TRY IT: Retype each line of the material below word for word; pictures stay out.

SUPPLIED DATA section start

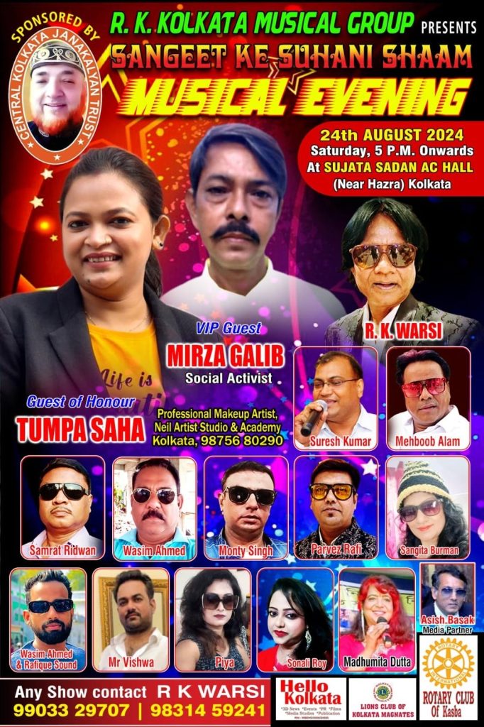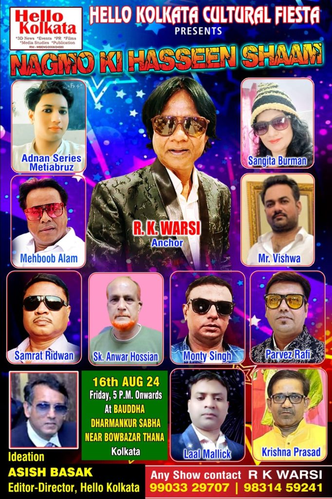 হ্যালো কলকাতা মিউজিক্যাল ফিয়েস্তা 16ই আগস্ট বিডিএস হলে জনপ্রিয় উপস্থাপক আর কে ওয়ার্সি আয়োজিত হয়েছিল।
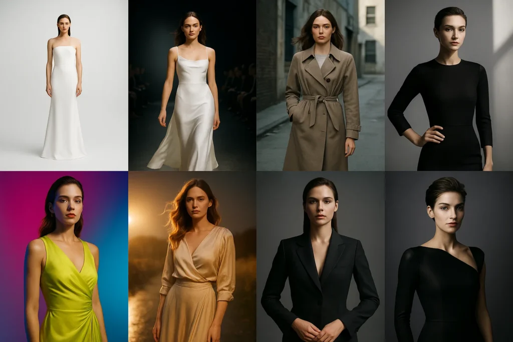 “Editorial 4K portrait of a fashion model on neutral grey background, balanced key + fill light setup, visible fine fabric weave, true-to-life shadows, shot on 85 mm f/1.8, ultra-realistic color profile”
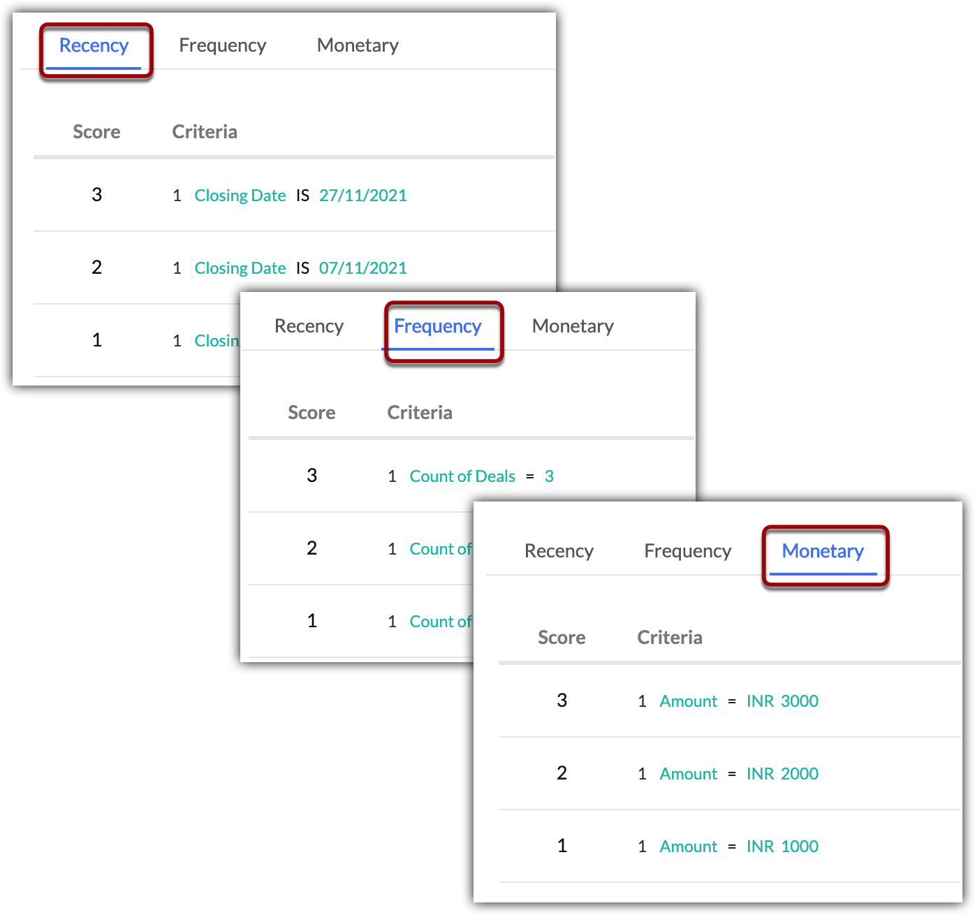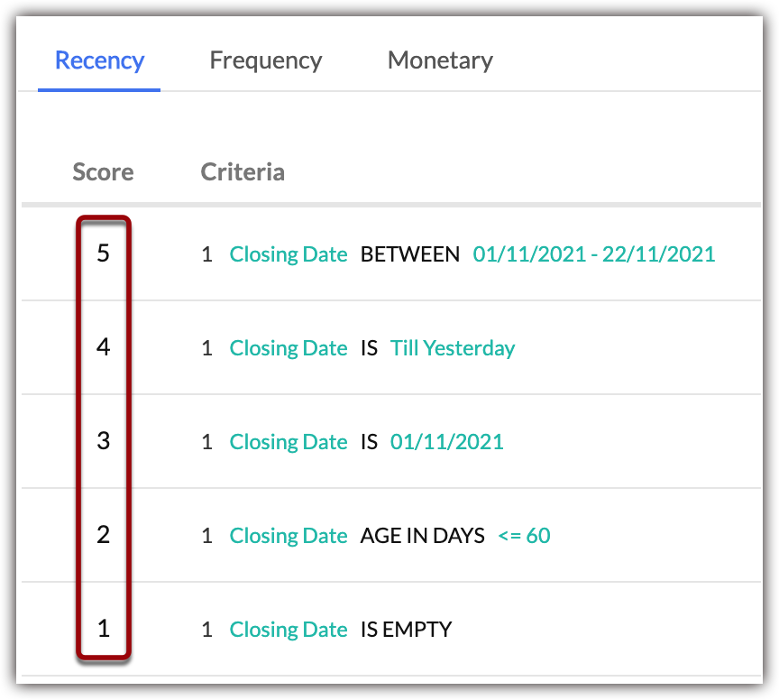 - 如果赢单日期是“在本周和上周之间”或“不是上个月”,则输入R得分为5。 同样,如果最近的购买时间是“直到昨天”,则得分为4。
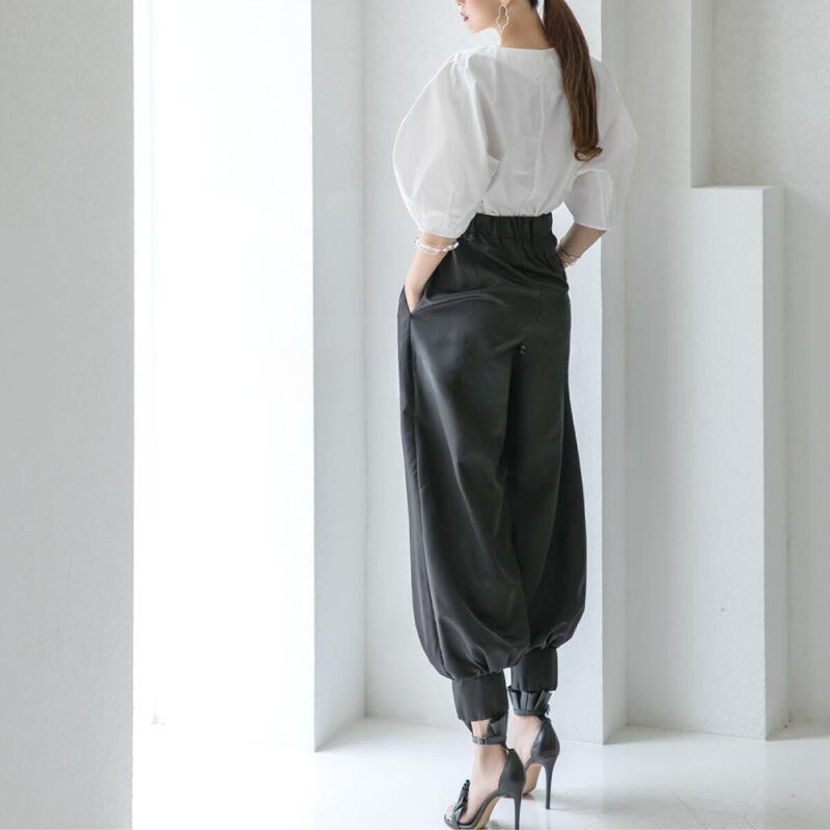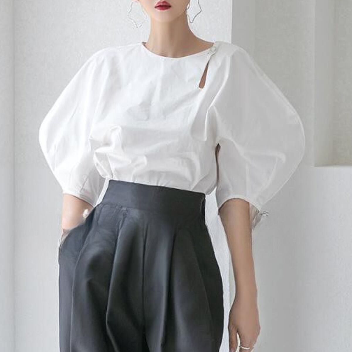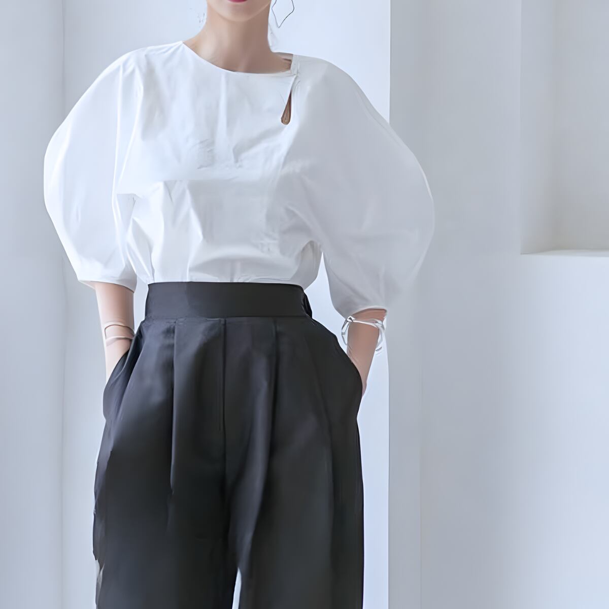 目を惹くのは、空気をたっぷりと含んだような立体的なパフスリーブ。肩から袖口にかけてのボリューム感が、華奢見えを演出しつつ、シンプルながらも圧倒的な存在感を放ちます。

SUPPLIED DATA section end

WRITTEN RESPONSE:
 হ্যালো কলকাতা মিউজিক্যাল ফিয়েস্তা 16ই আগস্ট বিডিএস হলে জনপ্রিয় উপস্থাপক আর কে ওয়ার্সি আয়োজিত হয়েছিল।
 “Editorial 4K portrait of a fashion model on neutral grey background, balanced key + fill light setup, visible fine fabric weave, true-to-life shadows, shot on 85 mm f/1.8, ultra-realistic color profile”
 - 如果赢单日期是“在本周和上周之间”或“不是上个月”,则输入R得分为5。 同样,如果最近的购买时间是“直到昨天”,则得分为4。
 目を惹くのは、空気をたっぷりと含んだような立体的なパフスリーブ。肩から袖口にかけてのボリューム感が、華奢見えを演出しつつ、シンプルながらも圧倒的な存在感を放ちます。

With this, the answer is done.